Patterns and principles – how will AI understand the world?

Some practitioners believe that a sufficiently powerful AI system will eventually develop a working understanding of how real-world objects interact dynamically purely by being trained on various types of sensor data.

Others take a different view. These experts argue that AI designed to control robotics in complex environments must have a deep, built-in understanding of the laws of physics. With this understanding, the system can model the machine and its environment mathematically, allowing it to predict movements and forces with speed, precision, and robustness.

“Now, we are developing machines that comprehend the world through fundamental physical principles.”

Kenneth Bodin, CEO and co-founder, Algoryx

Algoryx, a pioneer in real-time physics simulation, is firmly positioned in the latter camp. Many of the world’s leading machine manufacturers and researchers rely on Algoryx’s high-fidelity physics simulation software, AGX Dynamics, as a virtual training ground for autonomous control systems. But for Algoryx, digital physics isn’t just a tool for AI training—it should be embedded directly into the working machine’s autonomy systems.

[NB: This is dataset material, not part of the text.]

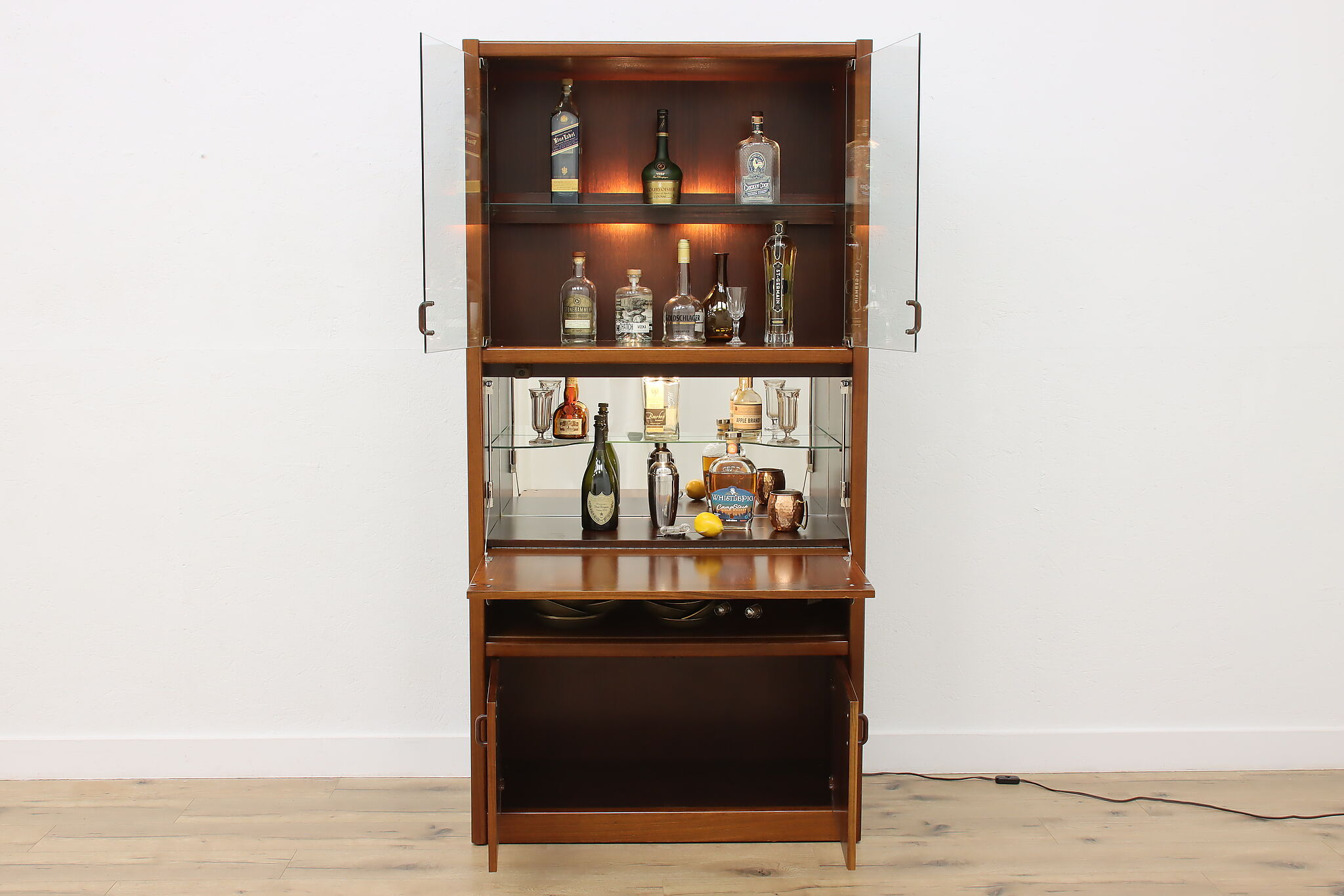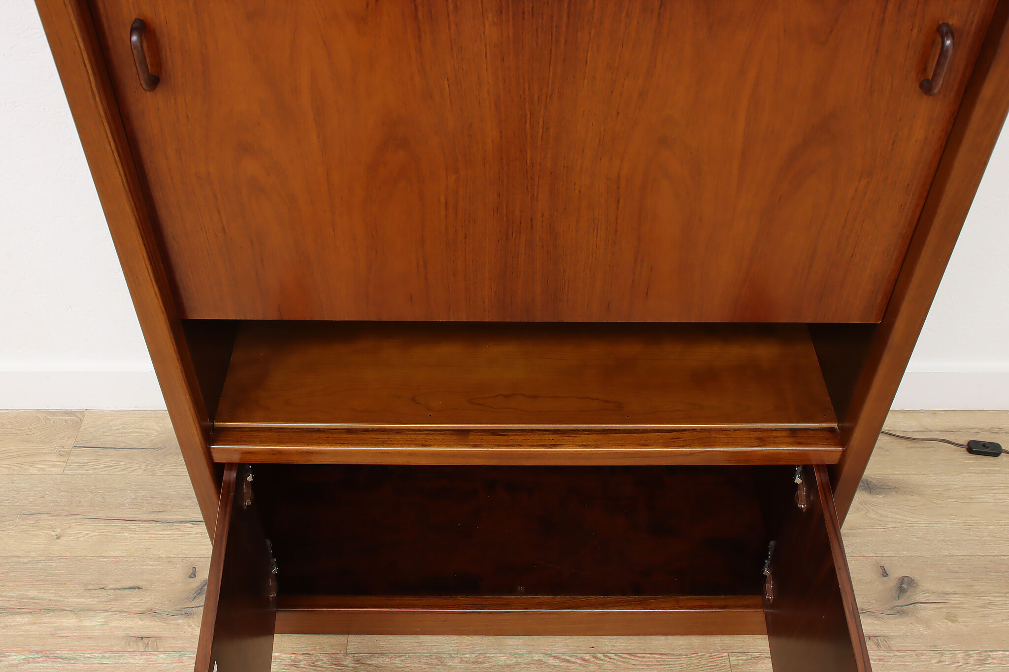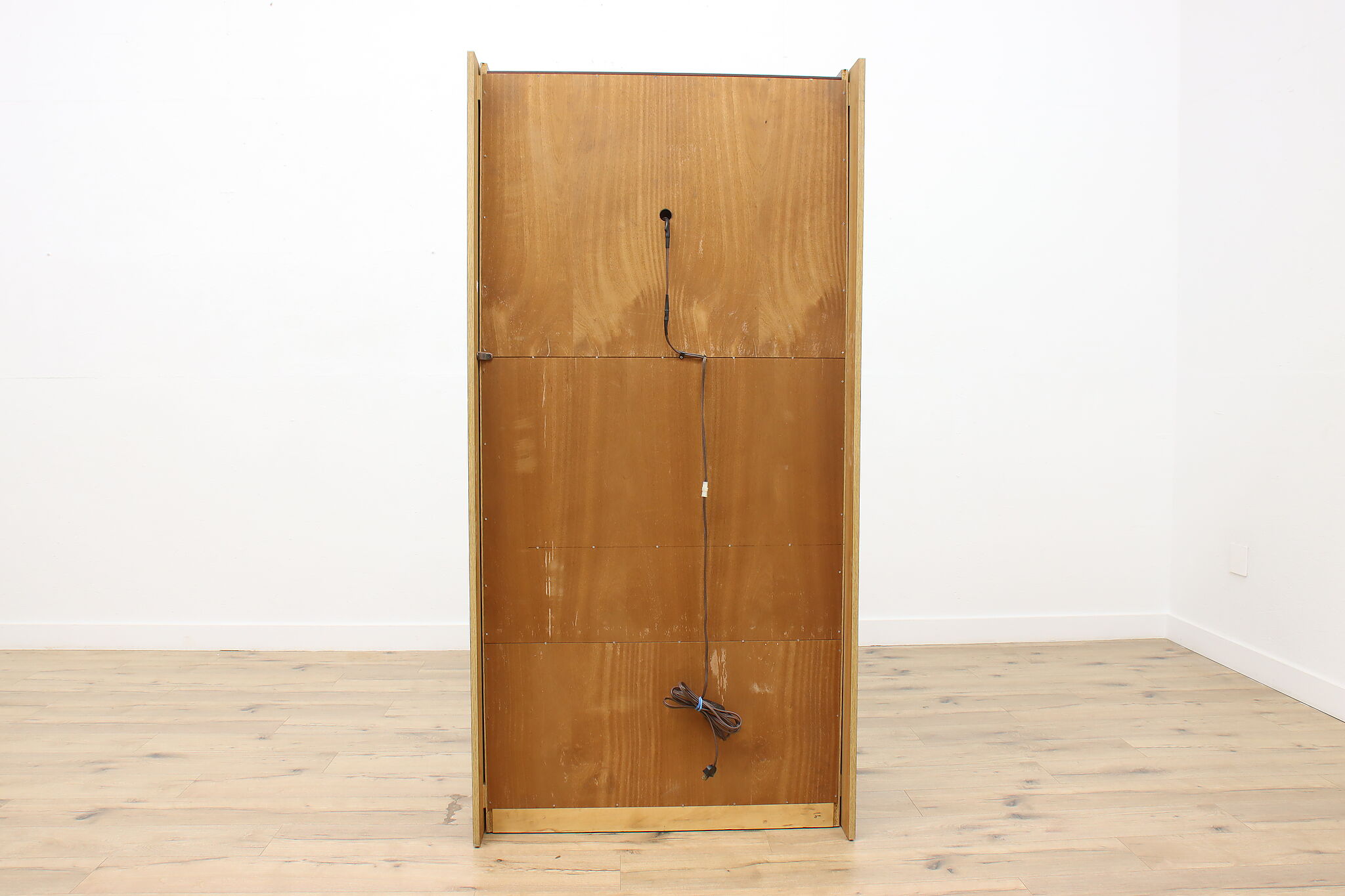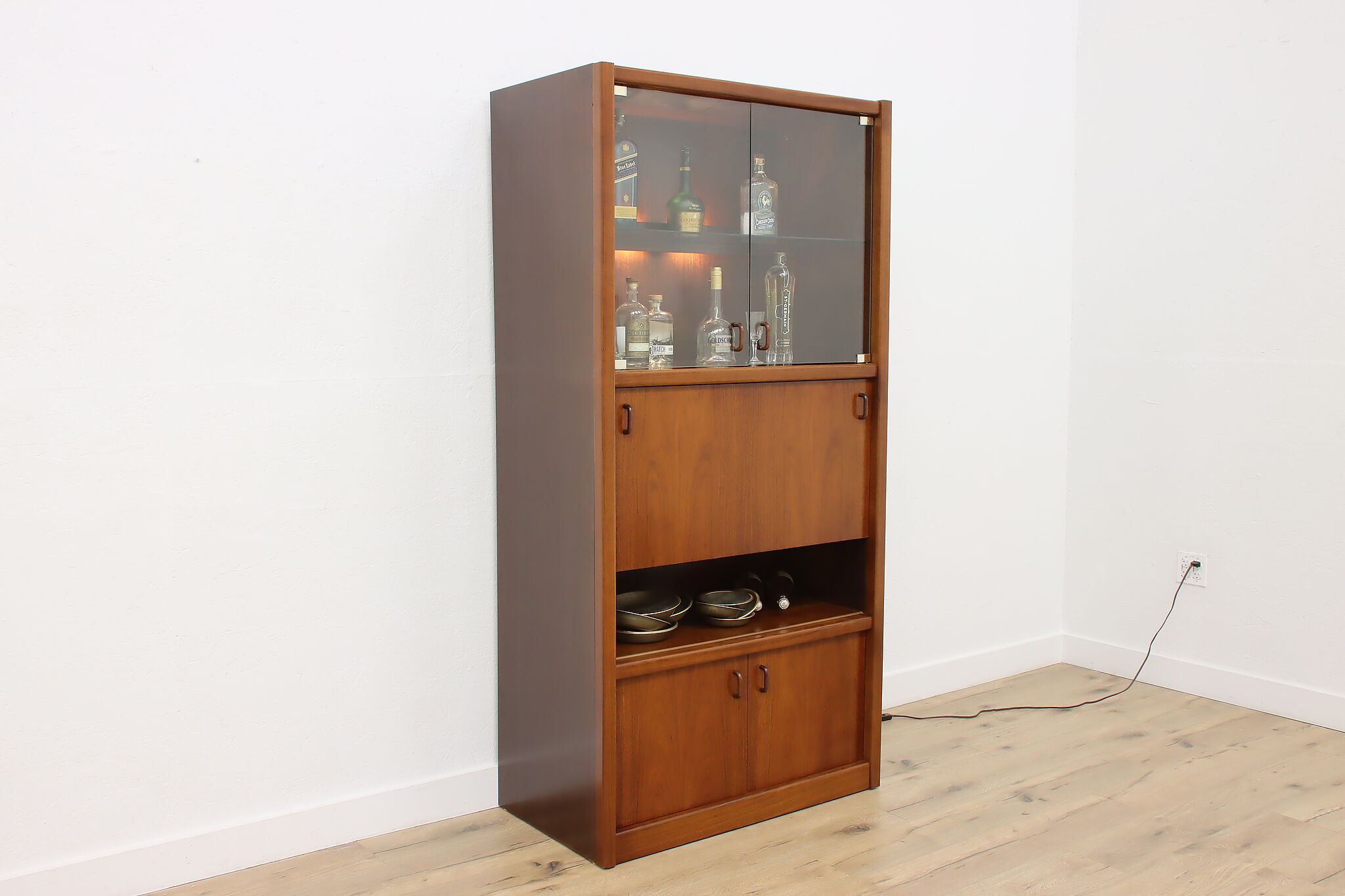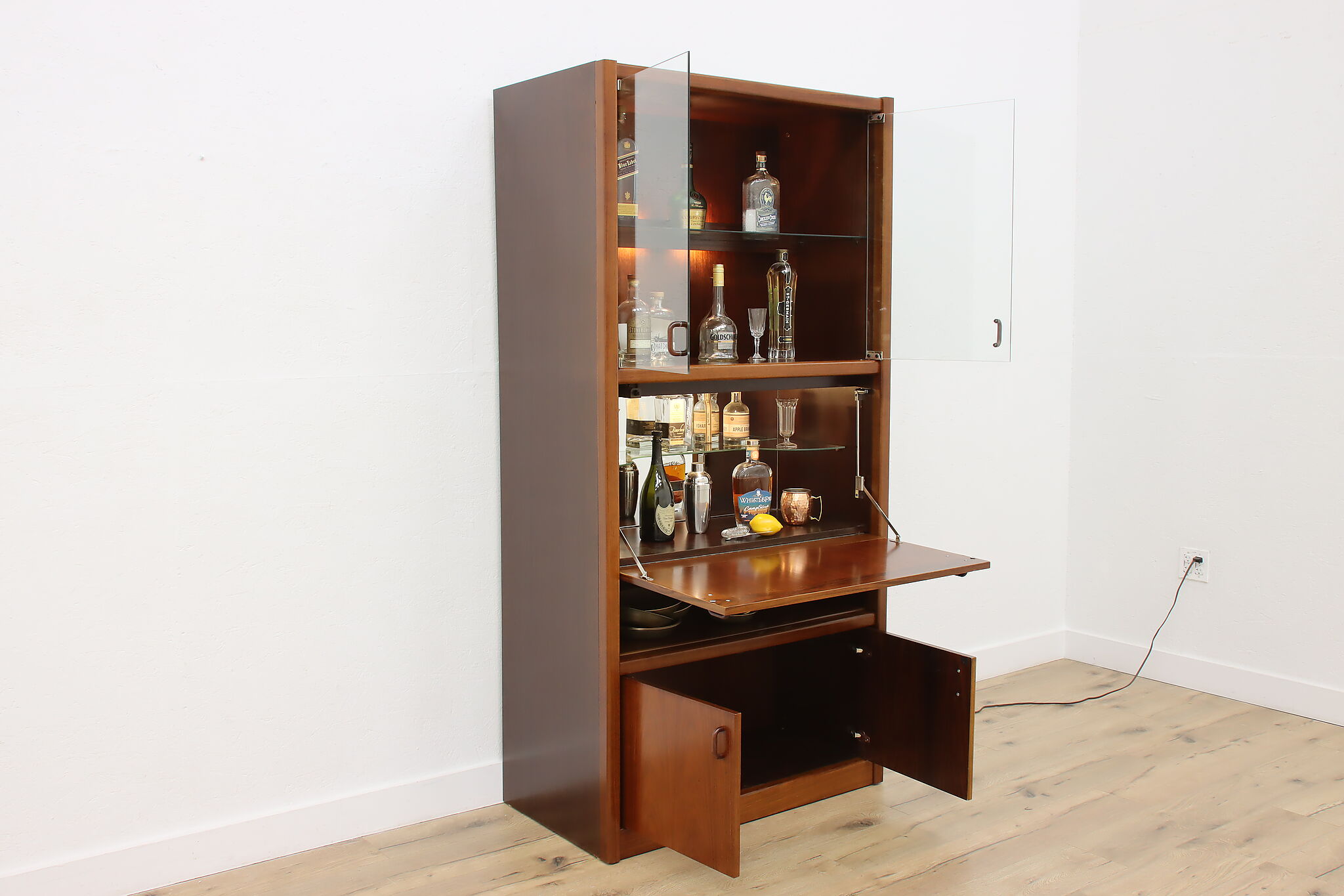 A charming Midcentury Modern bar or display cabinet has a lit interior to showcase your excellent taste in liquors and art pieces.

“Machines are designed to extend human capabilities across large scales of time, speed, range, and force. Now, we are developing machines that comprehend the world through fundamental physical principles. This integration will enable autonomous systems to anticipate outcomes and make informed decisions, even amidst the complexity of interacting scales — something that traditional neural networks cannot achieve alone,” says Algoryx CEO Kenneth Bodin. 

Tackling perception-to-action challenges in €8 Million project

To move closer to realizing this vision, Algoryx has joined an elite group of European industry partners and academic researchers in the €8 million EU-funded XSCAVE project. The industry partners include Swedish forestry machine manufacturer Komatsu Forest, Finnish earthmoving automation company Novatron, and Estonian mobile robotics firm Clevon.

“When we embed computational models and equation solvers for the physics, we make the AI informed about cause and effect”

Martin Servin, senior principal scientist and co-founder, Algoryx

XSCAVE, short for “explainable, safe, contact-aware planning and control for heavy machinery manipulation and navigation,” relies on Algoryx’s digital physics as a key component of its perception-to-action technology. First, Algoryx will create physics-based simulators used to train AI systems. Later in the project, we will develop a lightweight version of the physics simulation engine, designed to be embedded directly into the machines to provide real-time feedback during operation.

“When we embed computational models and equation solvers for the physics, we make the AI informed about cause and effect, and a tool for predicting the probable outcome of planned movements before they are executed. This makes it possible to rule out options associated with an unacceptable risk of damage or negative environmental impact. At the same time, we believe this is a way to achieve higher precision and efficiency,”  says Martin Servin. 

The goal of the project is to create autonomous terrain machines with unprecedented abilities to plan, control, and adapt their actions based on the task at hand and the terrain they’re navigating. In the final stages of XSCAVE, the new control system technology will be implemented in machines like a forestry forwarder and an excavator, demonstrating the groundbreaking capabilities of this AI-driven system.

The academic partners involved in XSCAVE bring world-leading expertise in autonomous control systems, machine learning, physics simulation, and computer vision. The University of Tartu (Estonia) coordinates the project, with contributions from Tampere University (Finland), Aalto University (Finland), Umeå University (Sweden), FZI Forschungszentrum Informatik (Germany), and Czech Technical University in Prague (Czechia).

For the XSCAVE project partners, a hybrid approach between neural network pipelines and physics-derived priors is the most promising way to build autonomous systems that can handle the complex work tasks of construction, forestry, and off-road transportation. It is also the best way to build autonomous systems that will be safe and explainable.